Recovery and Post op care after the procedure
What to Expect After Surgery?
At the hospital:
- Stapler surgery for piles is an outpatient procedure, so you will be allowed to go home the same day
- You might also be given local anaesthesia in the anal region to keep you pain-free for a few hours
- If an anal plug has been inserted, it will be removed in a few hours or will pass along with your first stools after surgery
- If you experience some bleeding from the anus, you will be given some pads so that you do not stain your clothes
- Wound care and dressing:
- You should take a sitz bath for a few days post-surgery to relieve muscle spasms and pain. A sitz bath is simply submerging your bottom in plain and warm water.

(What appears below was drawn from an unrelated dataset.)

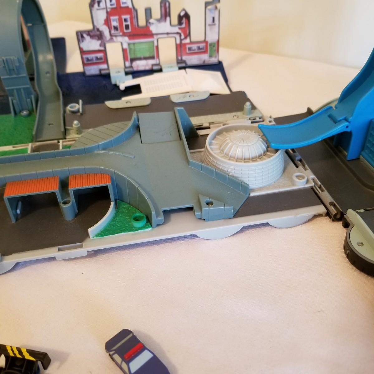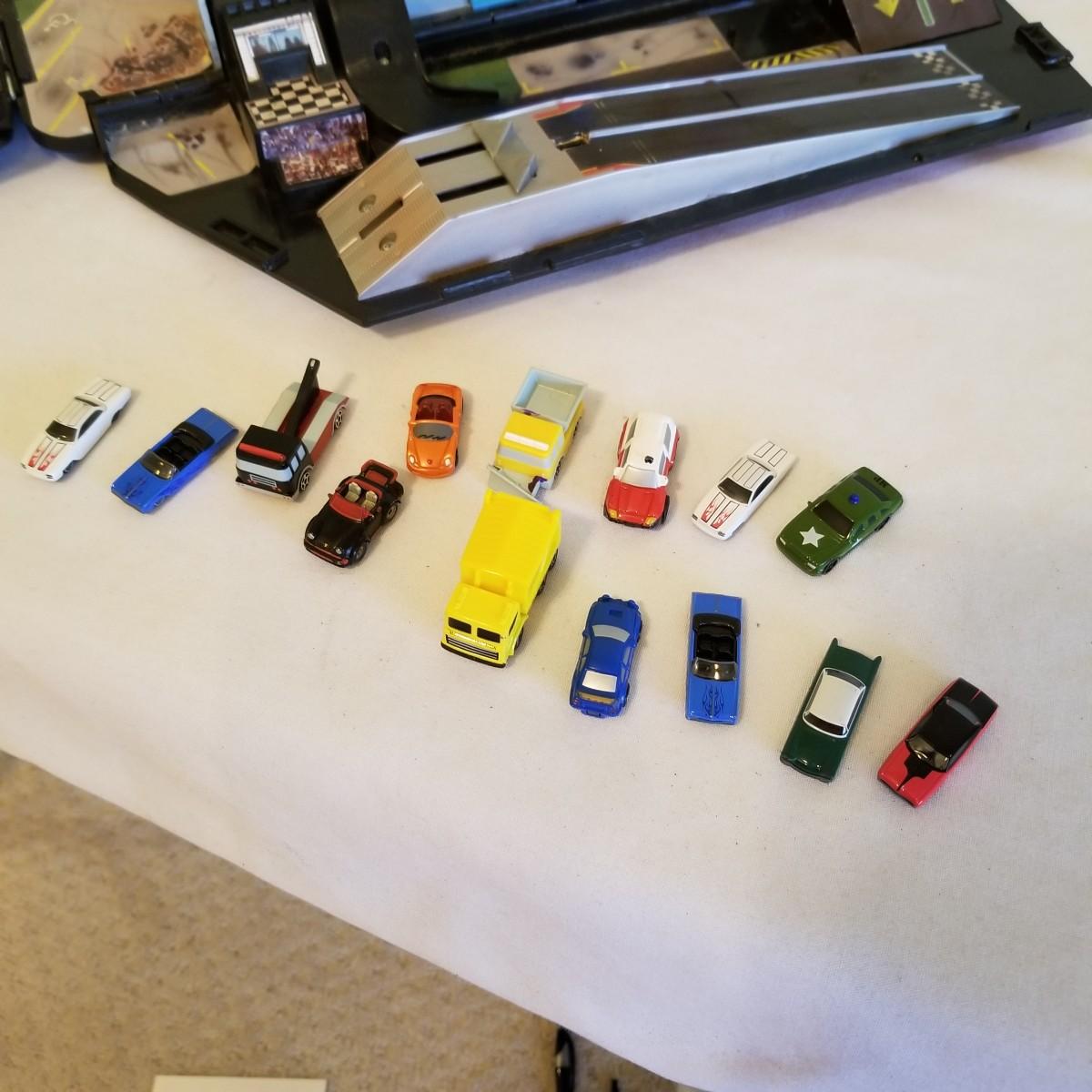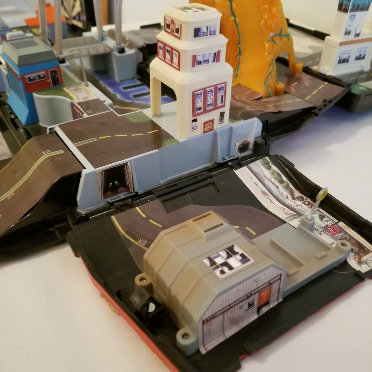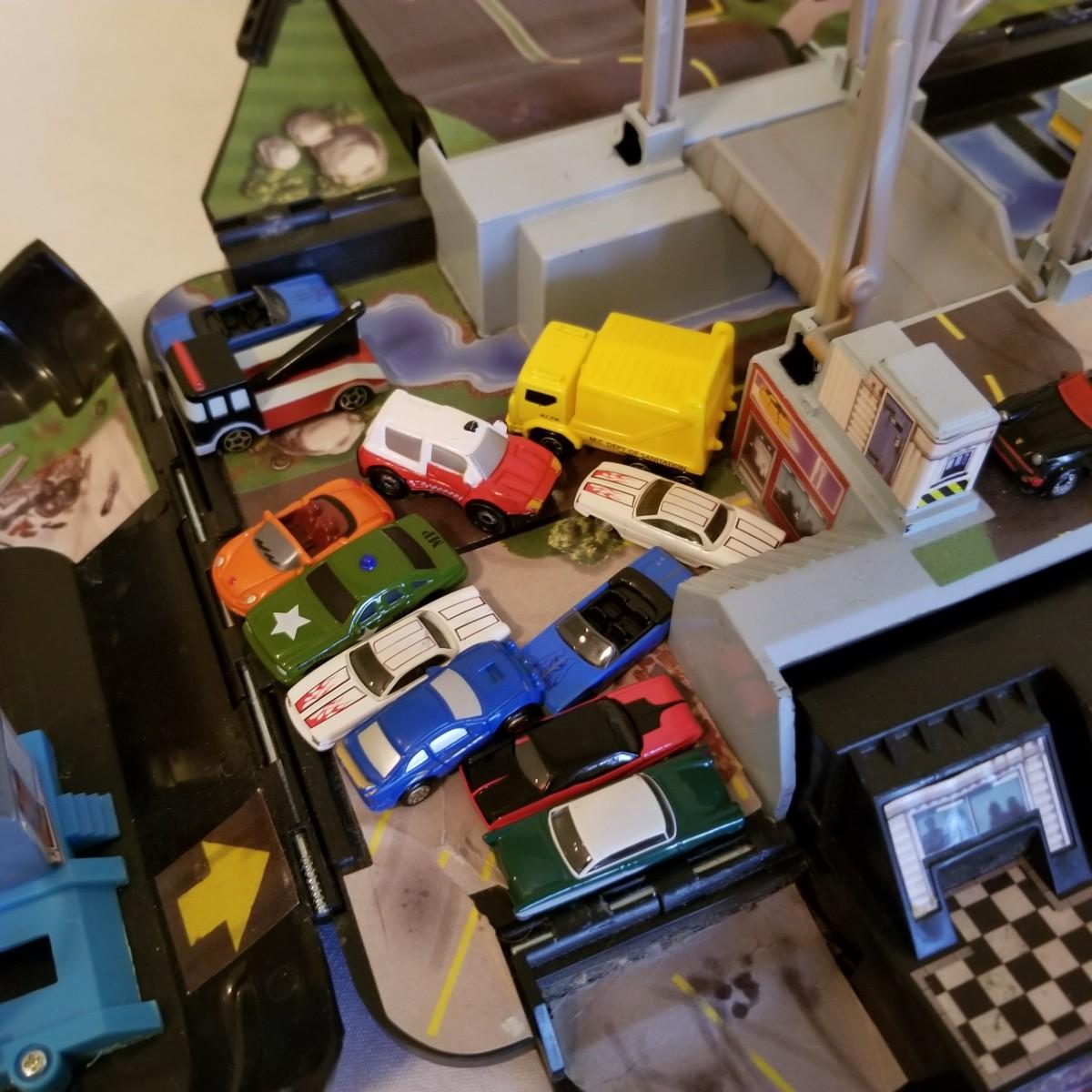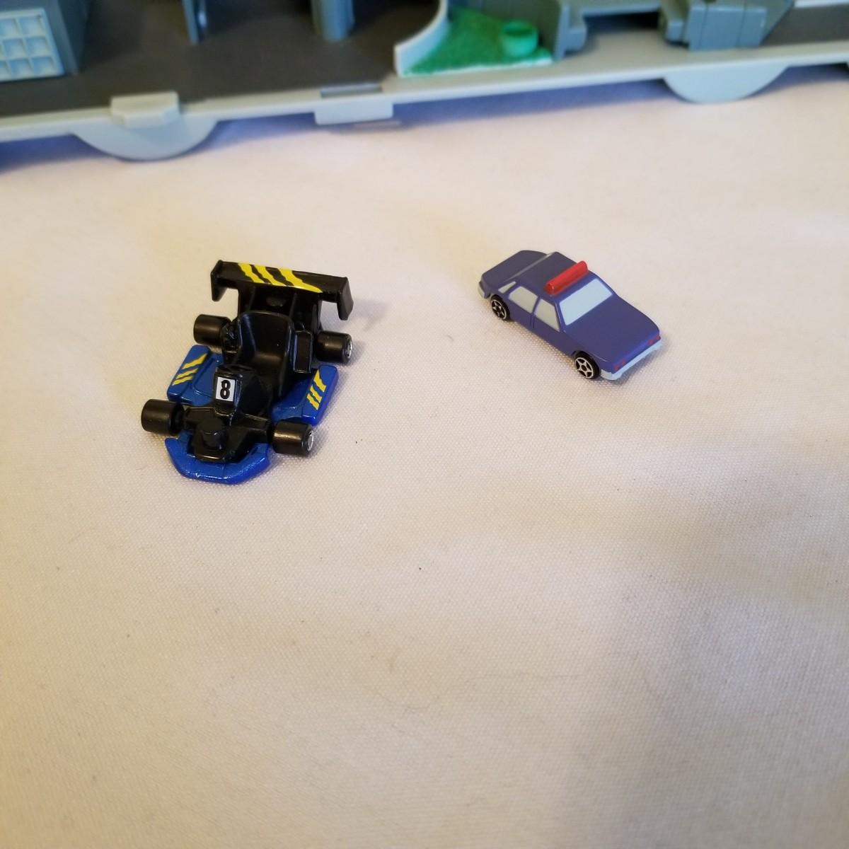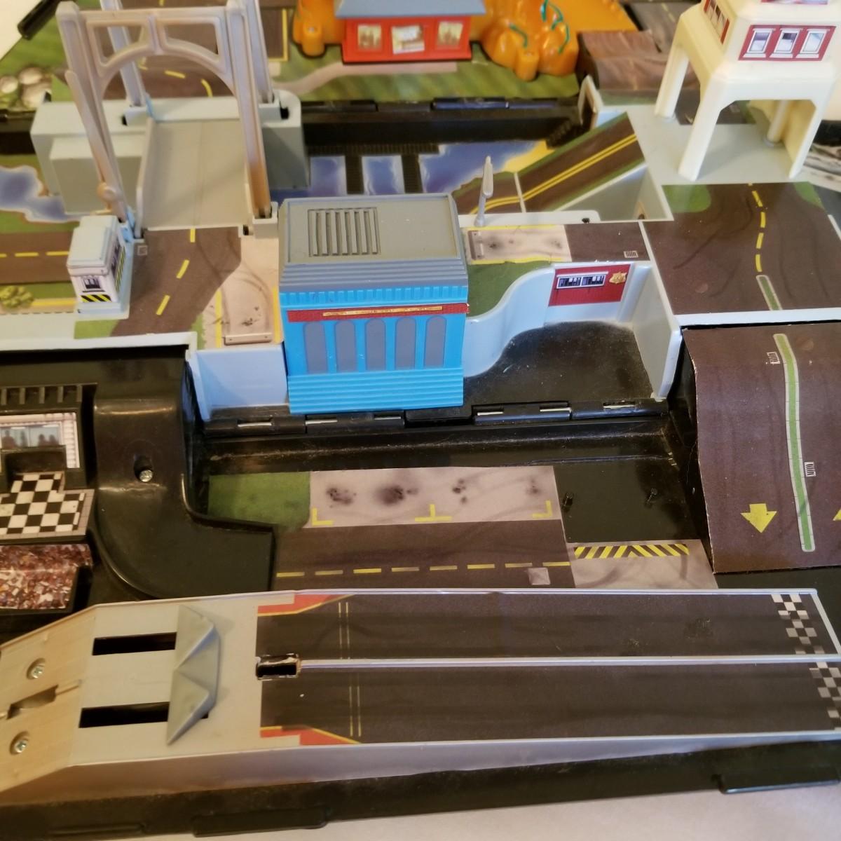 Two Micro Machines car playsets, Super Van City and Super Stunt City Semi Tanker. Both units from the 90's, open to reveal numerous opportunities to play with cars and trucks. Built in scenery, garages, ramps, roads, etc. Sixteen cars total for the two sets. Smaller unit measures 7"16"x7" closed, larger one is 6"x17"x7". Not certain if all original pieces are included. See photos for details. Shipping available.

- You can use cold compress or ice packs on your anal area for pain relief and reduce swelling
- Use sanitary napkins or soft gauze for controlling drainage from the surgical site
- Take all the prescribed medicines such as painkillers and antibiotics
- Avoid suppositories or enema in your anal region for at least five days post-surgery
- Use stool softeners or eat a fibre-rich diet to ensure the smooth passing of stools
- Incorporate a few lifestyle changes like losing excess weight, following a healthy diet, and exercising
- Stick to a liquid and bland diet and gradually get back to your regular diet after a few days
- Keep yourself adequately hydrated by drinking a minimum of eight big glasses of water every day
- Work-activity restrictions:
- Avoid strenuous activities like weightlifting for at least five to seven days
- Avoid driving or drinking alcohol for at least 24 hours post-surgery or while consuming painkillers
- You can expect to recover within 10-14 days after the surgery
First Follow-up Appointment
You will have to schedule a follow-up appointment with your proctologist two to three weeks after the surgery to check for any issues.